What you have to do » Using the records below, write out only the lines from the line containing "All-Weather Durability &" up to and including the line containing "9月3日,蓝山县植物园科普宣", exactly, with no pictures.

The data »
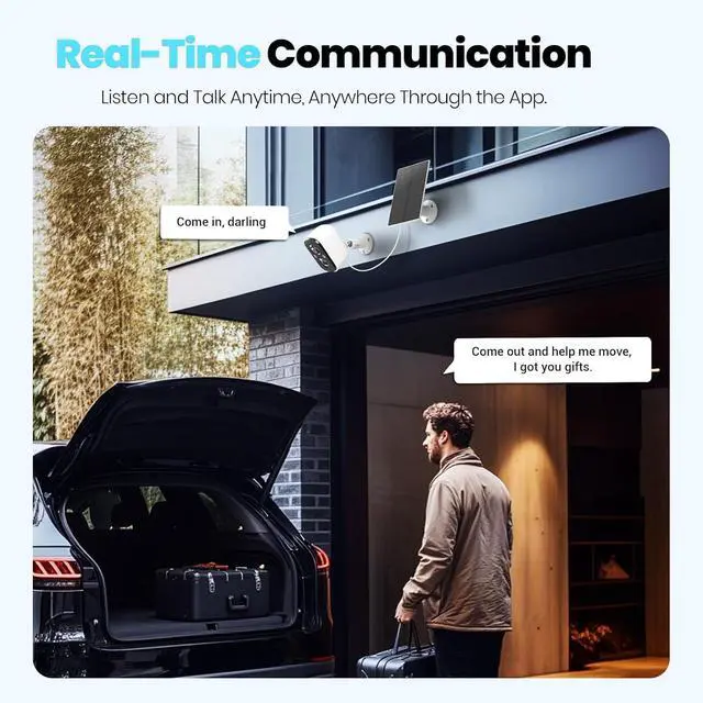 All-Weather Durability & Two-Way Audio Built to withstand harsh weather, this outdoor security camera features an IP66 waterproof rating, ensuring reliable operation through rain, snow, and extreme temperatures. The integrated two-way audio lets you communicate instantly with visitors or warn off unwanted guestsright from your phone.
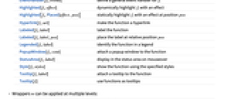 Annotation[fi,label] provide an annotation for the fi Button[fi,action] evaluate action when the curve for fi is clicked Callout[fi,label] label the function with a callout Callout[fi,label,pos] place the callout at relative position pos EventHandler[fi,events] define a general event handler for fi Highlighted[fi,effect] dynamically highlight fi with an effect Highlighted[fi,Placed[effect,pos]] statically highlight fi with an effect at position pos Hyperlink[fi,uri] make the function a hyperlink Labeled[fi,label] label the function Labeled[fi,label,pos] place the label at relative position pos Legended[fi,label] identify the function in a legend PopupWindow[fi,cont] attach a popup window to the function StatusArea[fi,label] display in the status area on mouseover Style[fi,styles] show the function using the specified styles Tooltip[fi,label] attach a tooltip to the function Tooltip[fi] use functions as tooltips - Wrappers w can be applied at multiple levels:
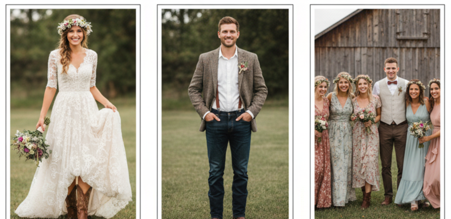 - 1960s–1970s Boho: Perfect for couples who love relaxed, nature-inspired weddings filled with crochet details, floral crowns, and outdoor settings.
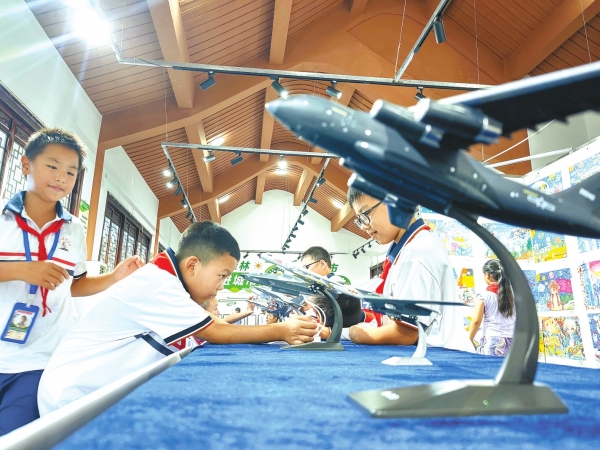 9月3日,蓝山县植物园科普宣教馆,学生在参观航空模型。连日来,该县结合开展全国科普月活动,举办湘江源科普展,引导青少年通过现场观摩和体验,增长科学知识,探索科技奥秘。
---
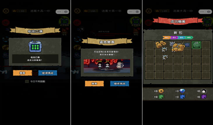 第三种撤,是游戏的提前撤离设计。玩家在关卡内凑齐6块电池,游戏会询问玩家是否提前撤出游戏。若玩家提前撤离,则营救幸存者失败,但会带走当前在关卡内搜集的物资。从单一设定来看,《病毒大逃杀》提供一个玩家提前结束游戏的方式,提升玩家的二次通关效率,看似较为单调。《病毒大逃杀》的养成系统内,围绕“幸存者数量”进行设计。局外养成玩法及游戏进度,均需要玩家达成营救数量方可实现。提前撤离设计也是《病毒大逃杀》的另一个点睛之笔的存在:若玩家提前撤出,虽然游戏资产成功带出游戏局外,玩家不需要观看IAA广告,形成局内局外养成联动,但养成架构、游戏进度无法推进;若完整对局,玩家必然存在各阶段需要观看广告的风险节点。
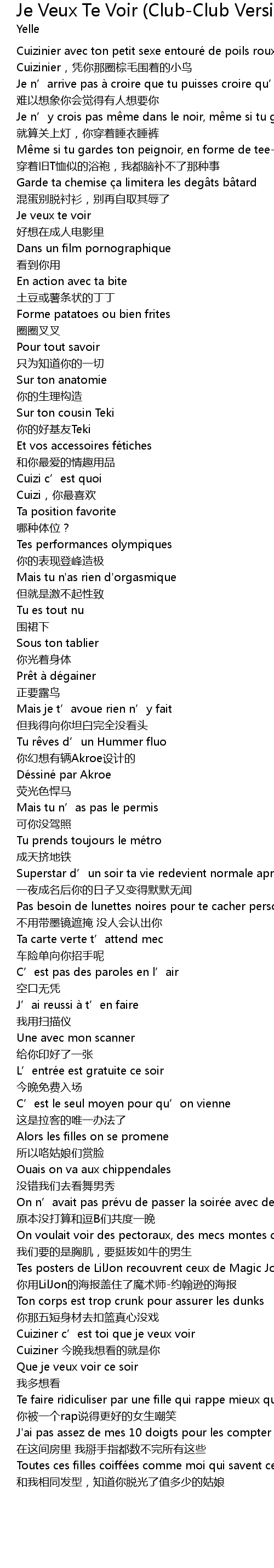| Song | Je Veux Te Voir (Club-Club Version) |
---
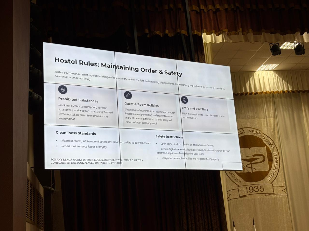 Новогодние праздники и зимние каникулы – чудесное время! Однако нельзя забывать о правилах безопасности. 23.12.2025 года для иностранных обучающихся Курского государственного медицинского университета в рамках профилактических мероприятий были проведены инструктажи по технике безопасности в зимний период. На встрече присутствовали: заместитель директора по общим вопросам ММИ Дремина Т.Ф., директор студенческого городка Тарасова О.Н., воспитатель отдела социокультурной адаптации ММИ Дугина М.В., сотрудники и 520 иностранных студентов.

Answer for the task »
 All-Weather Durability & Two-Way Audio Built to withstand harsh weather, this outdoor security camera features an IP66 waterproof rating, ensuring reliable operation through rain, snow, and extreme temperatures. The integrated two-way audio lets you communicate instantly with visitors or warn off unwanted guestsright from your phone.
 Annotation[fi,label] provide an annotation for the fi Button[fi,action] evaluate action when the curve for fi is clicked Callout[fi,label] label the function with a callout Callout[fi,label,pos] place the callout at relative position pos EventHandler[fi,events] define a general event handler for fi Highlighted[fi,effect] dynamically highlight fi with an effect Highlighted[fi,Placed[effect,pos]] statically highlight fi with an effect at position pos Hyperlink[fi,uri] make the function a hyperlink Labeled[fi,label] label the function Labeled[fi,label,pos] place the label at relative position pos Legended[fi,label] identify the function in a legend PopupWindow[fi,cont] attach a popup window to the function StatusArea[fi,label] display in the status area on mouseover Style[fi,styles] show the function using the specified styles Tooltip[fi,label] attach a tooltip to the function Tooltip[fi] use functions as tooltips - Wrappers w can be applied at multiple levels:
 - 1960s–1970s Boho: Perfect for couples who love relaxed, nature-inspired weddings filled with crochet details, floral crowns, and outdoor settings.
 9月3日,蓝山县植物园科普宣教馆,学生在参观航空模型。连日来,该县结合开展全国科普月活动,举办湘江源科普展,引导青少年通过现场观摩和体验,增长科学知识,探索科技奥秘。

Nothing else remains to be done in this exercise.